RECORDS PROVIDED:
Segment Open

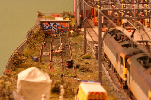 Regular viewers of either the layout or the website will notice the new electrification flashes on the side of the curtain warning; 'Danger of Death, do not touch the layout'!
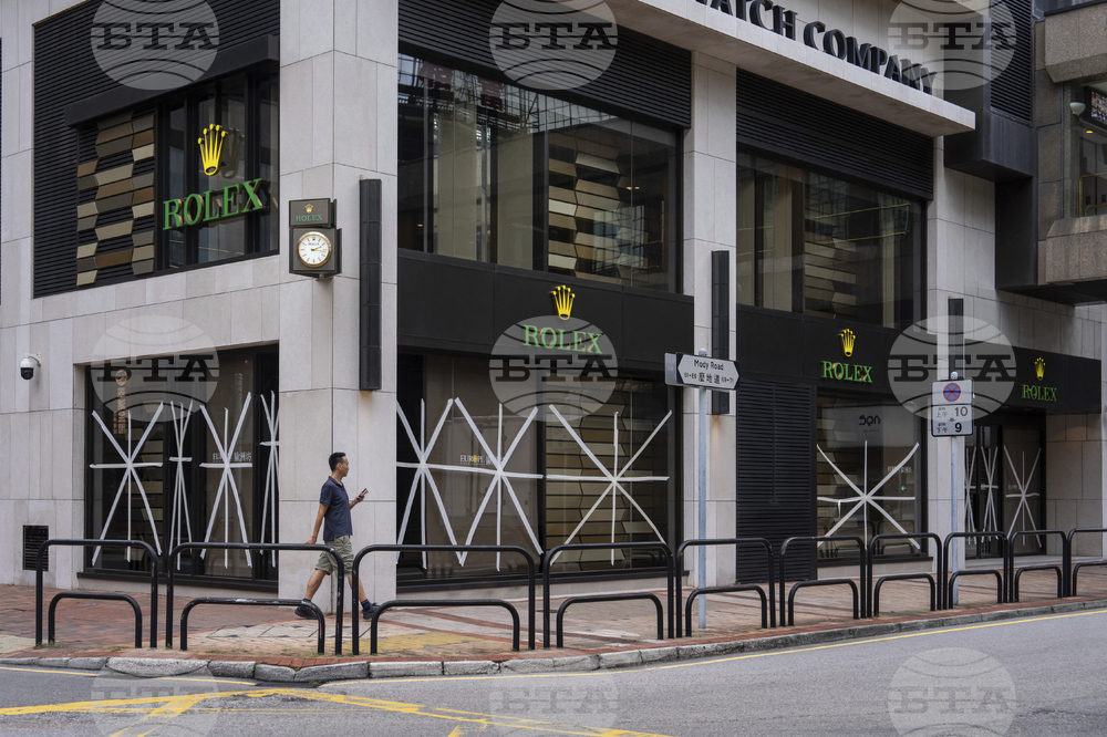 Taped-up windows at a luxury store ahead of the super typhoon Ragasa approaching Hong Kong, Tuesday, Sept. 23, 2025. (AP Photo/Chan Long Hei)
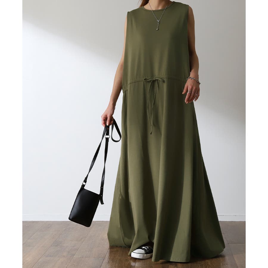 一枚で上品キレイにまとまるノースリーブワンピースです。
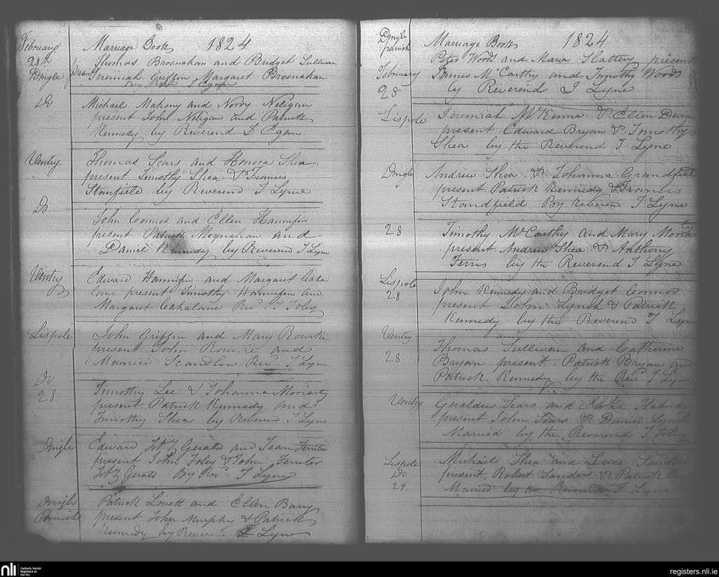 Dingle; County of Kerry; Diocese of Kerry. Marriages, Feb. 1824
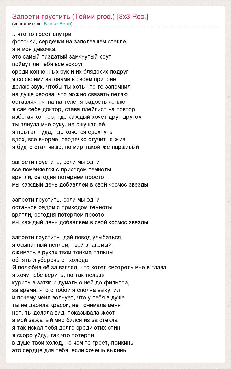 .. что то греет внутри фоточки, сердечки на запотевшем стекле я и моя девочка, это самый пиздатый замкнутый круг поймут ли тебя все вокруг среди конченных сук и их блядских подруг я со своими загонами в своем притоне делаю звук, чтобы ты хоть что то запомнил на душе херова, что можно связать петлю оставляя пятна на теле, я радость коплю я сам себе доктор, ставя плейлист на повтор избегая контор, где каждый хочет друг другом ты тянула мне руку, не ощущая её, я прыгал туда, где хочется сдохнуть вдох, все внорме, сердечко стучит, я жив я будто стал чище, но мир такой же паршивый запрети грустить, если мы одни все поменяется с приходом темноты врятли, сегодня потеряем просто мы каждый день добавляем в свой космос звезды запрети грустить, если мы одни останься рядом с приходом темноты врятли, сегодня потеряем просто мы каждый день добавляем в свой космос звезды запрети грустить, дай повод улыбаться, я осыпанный пеплом, твой знакомый сжимать в руках твои тонкие пальцы обнять и уберечь от холода Я полюбил её за взгляд, что хотел смотреть мне в глаза, я хочу тебе верить, но так нельзя курить в затяг и думать о ней до фильтра, за время, что с тобой я сполна выкупил и почему меня волнует, что у тебя в душе ты не дарила красок, не понимала меня нет, ты делала вид, показывала жест а мой зажатый мир бился из за стекла я так искал тебя долго среди этих спин я скоро уйду, так что потерпи в душе твой холод, но чем то греет, прикинь это сердце для тебя, если хочешь выкинь
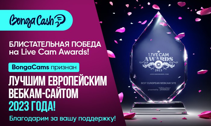 С гордостью сообщаем, что BongaCams одержал победу на Live Cam Awards 2023 в номинации «Лучший европейский вебкам-сайт»!
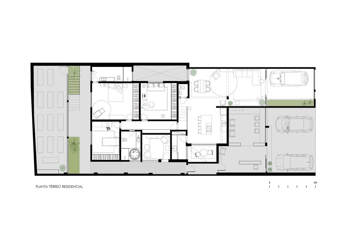 Required for the conformation of the house, part of the facade, a cave and the street were the possible spaces for commerce and services, but we would have to provide it with a small area, access by an extensive side corridor and limited ceiling height. In addition, this division into two distinct spaces also generated the challenge of keeping the spaces large, with privacy, guaranteed lighting and natural resources for the residential part.
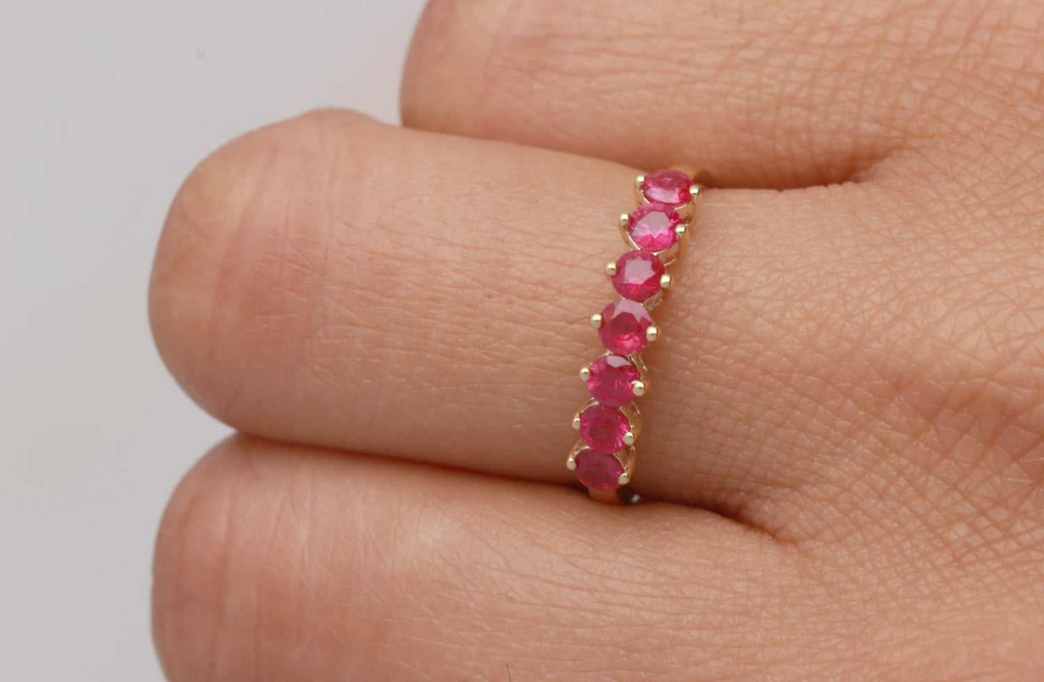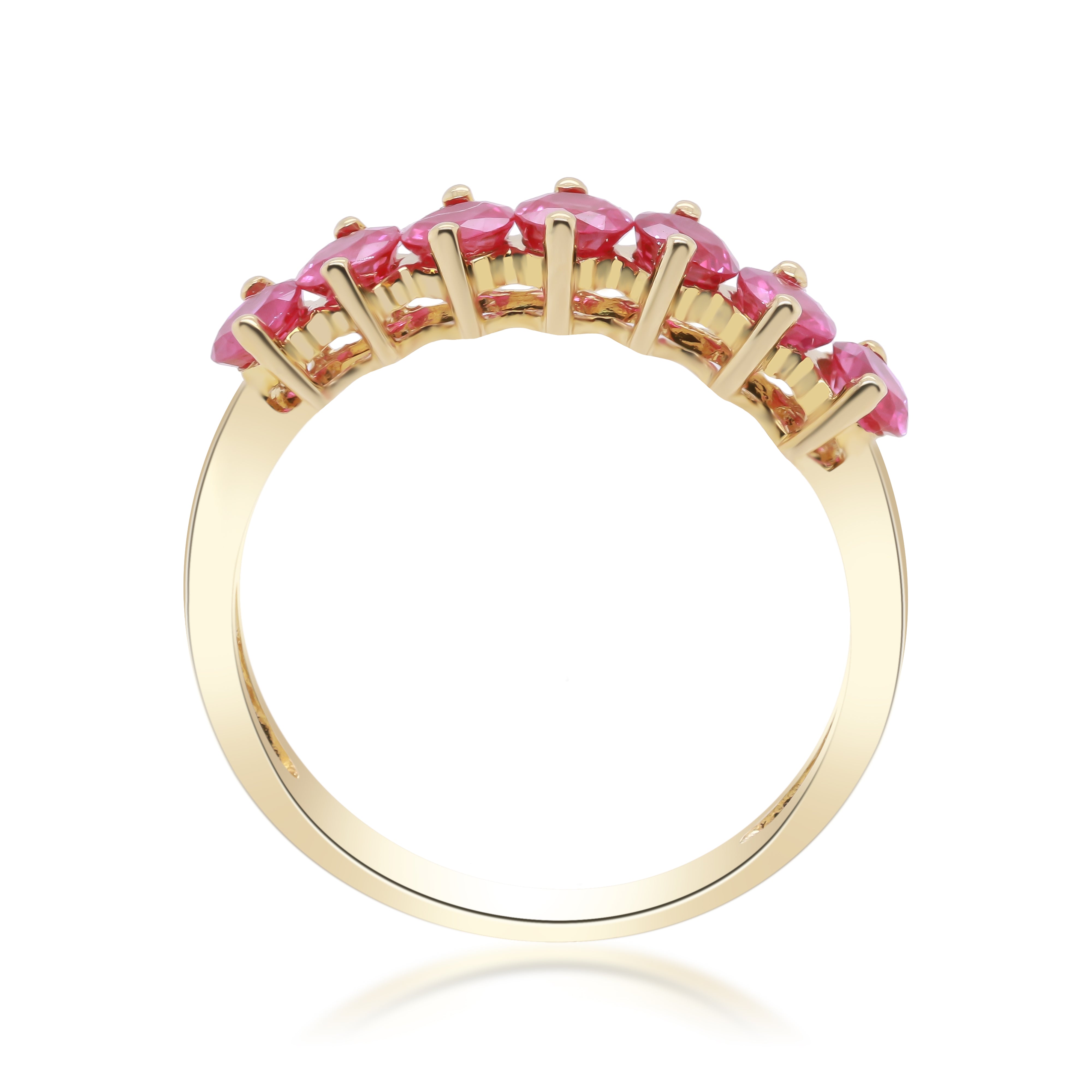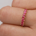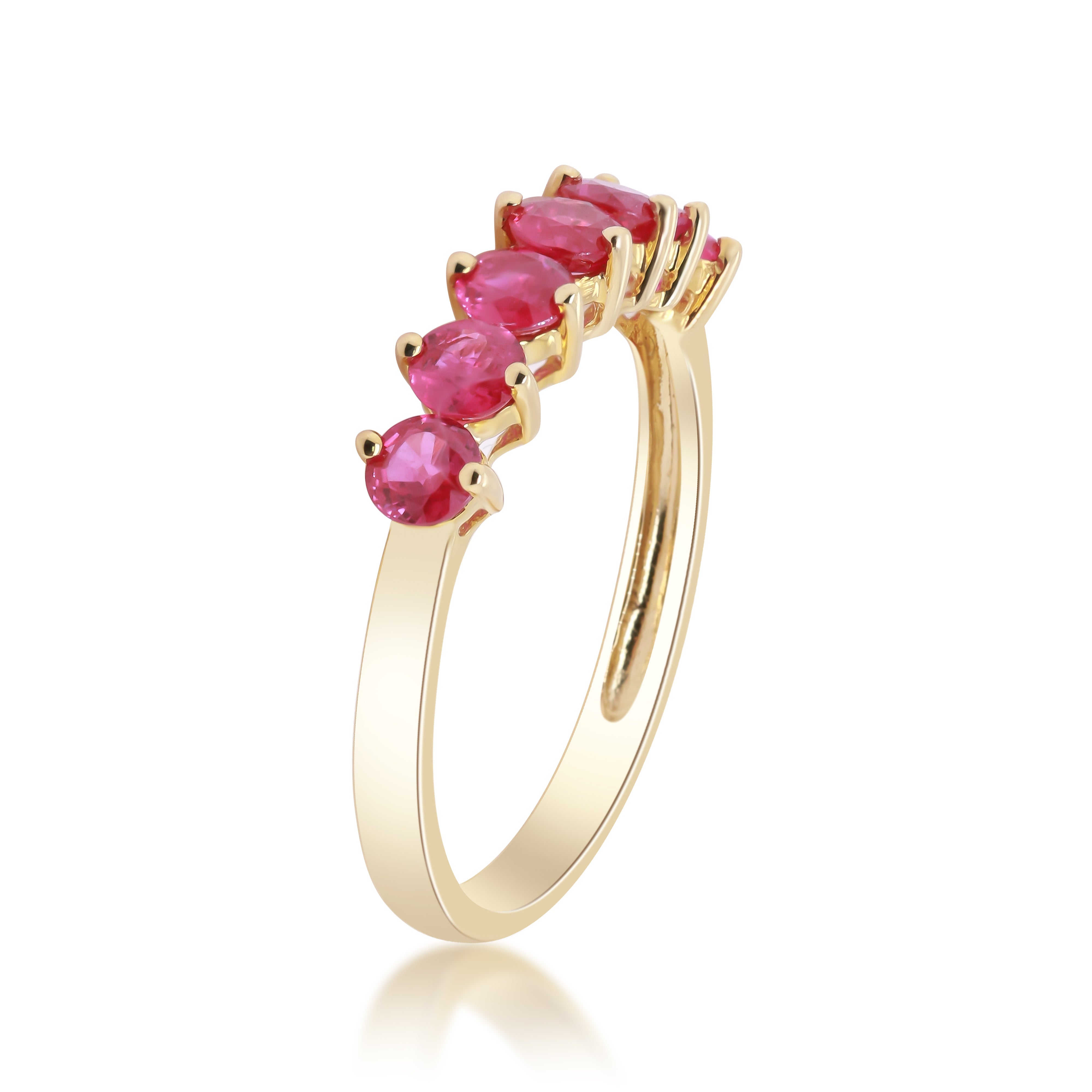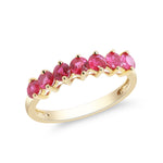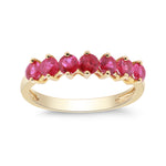 A row of shimmering round-cut Mozambique Rubies is prong-set across the front of this Gin & Grace ring. A highly polished finish completes the elegant look of this 14-karat yellow gold ring. Gemstone colors: Red Gemstone shapes: Round Seven prong-set round-cut rubies each measure 3 mm Total gemstone weight: 0.98 carats Metal: 14k yellow gold Finish: High polish Metal weight: 1.74 grams Ring setting dimensions: 18 mm wide x 3 mm long Band dimensions: 2 mm wide
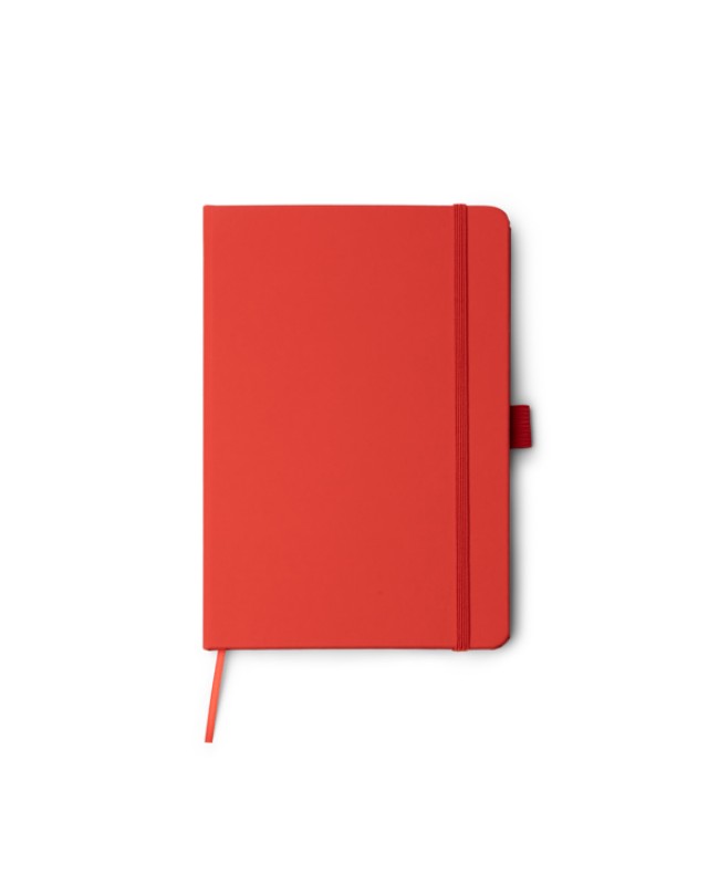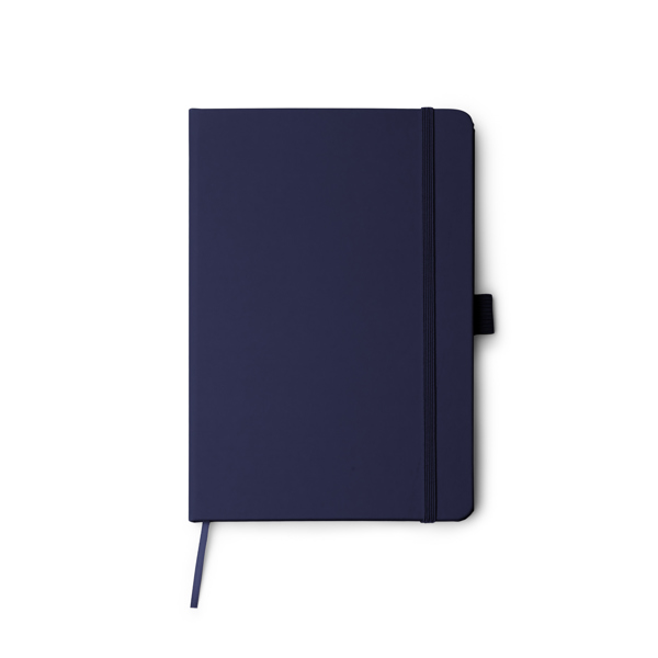 Blocco note A5 in PU riciclato con fogli bianchi e supporto magnetico per smartphone e penna. È dotato di segnalibro, chiusura con elastico e portapenne laterale, il cui colore si abbina a quello del quaderno. - Composizione: PU riciclato - Misure: 14,5cm/21cm/1,5cm

Segment Closed

INSTRUCTIONS FOR THE TASK: Lines from the one containing "A row of shimmering" through the end of the listing, both included, are to be restated exactly, and pictures are to be left out.

ANSWER TO THE PROBLEM:
 A row of shimmering round-cut Mozambique Rubies is prong-set across the front of this Gin & Grace ring. A highly polished finish completes the elegant look of this 14-karat yellow gold ring. Gemstone colors: Red Gemstone shapes: Round Seven prong-set round-cut rubies each measure 3 mm Total gemstone weight: 0.98 carats Metal: 14k yellow gold Finish: High polish Metal weight: 1.74 grams Ring setting dimensions: 18 mm wide x 3 mm long Band dimensions: 2 mm wide
 Blocco note A5 in PU riciclato con fogli bianchi e supporto magnetico per smartphone e penna. È dotato di segnalibro, chiusura con elastico e portapenne laterale, il cui colore si abbina a quello del quaderno. - Composizione: PU riciclato - Misure: 14,5cm/21cm/1,5cm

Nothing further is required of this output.